Quik treads a tightrope because it also has to appeal to users that just want to operate their GoPro. Happily, the regular GoPro control app is only a tap away thanks to an icon in the top right-hand corner of the app’s main page.

Quality of results

The automatic edits can be basic, but you can change the settings and the GoPro Quik app offers a good deal of control. (Image credit: Jamie Carter)

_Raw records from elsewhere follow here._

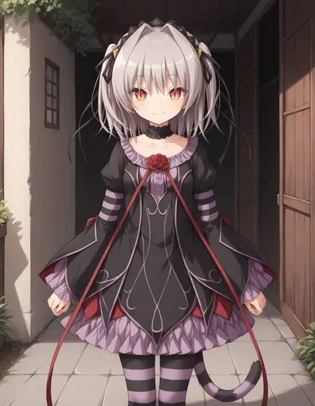 outfit03, 헤어 리본, 검정 헤어 리본, 모자 끝, 검정 모자 끝, 드레스, 검정 드레스, 고딕 드레스, 프릴이 달린 드레스, 드레스에 장식된 장미, 리본, 빨간 리본, 드레스에서 뻗어 나온 리본, 긴 소매, 부풀어 오른 소매, 넓은 소매, 줄무늬 소매, 팔목, 프릴이 달린 팔목, 허벅지 스타킹, 줄무늬 허벅지 스타킹, 보라색 허벅지 스타킹, 꼬리, 보라색 꼬리, 고양이 꼬리, 줄무늬 꼬리,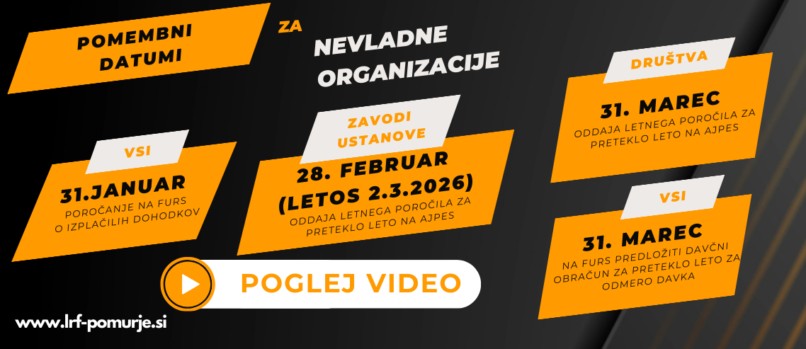 Z začetkom leta se bližajo pomembni datumi, ki jih nevladne organizacije ne smemo zamuditi, zato smo za vas pripravili video, v katerem pojasnimo, kateri datumi so pomembni za zavode, društva in ustanove in jih je potrebno upoštevati. Posebej bi želeli informirati tiste nevladne organizacije, ki nimate urejenega računovodstva, da ste pozorne na to, da poročanjaBeri dalje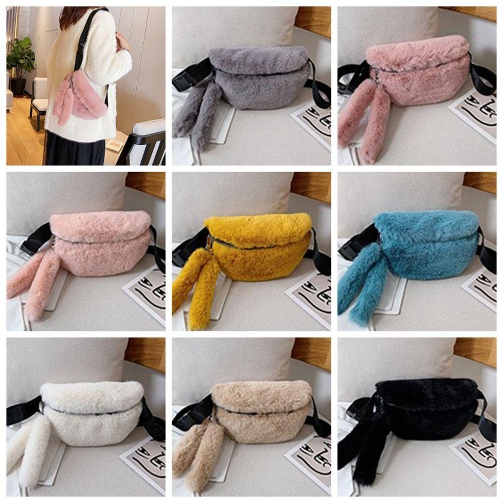 Нагрудная сумка из искусственного меха кролика, пуховая поясная сумка на молнии, милая плюшевая сумка через плечо для женщин/девочек

The compilation highlight videos are beat-synced to music, but they’re very simple. Footage is brief, zoomed-in on, and centred upon, so sometimes photos are mistakenly cropped, while transitions between them are very basic. However, everything is simple to change, with basic re-ordering of clips and photos a drag-and-drop affair while inserting and new content is easy. Each video or photo in a reel can be adjusted for exposure, contrast, colour and vibrancy, and it can be trimmed, cropped, filtered, and text added. It’s also possible to extract still images from videos. 

Most impressive of all is a new multi-speed mode that allows you to adjust the speed of a video mid-clip. That’s really handy for, say, a ski run, which you can speed through then slow-down for a jump or any interesting moment. Sadly, that feature is limited to subscribers, as are a plethora of exclusive filters and music tracks. 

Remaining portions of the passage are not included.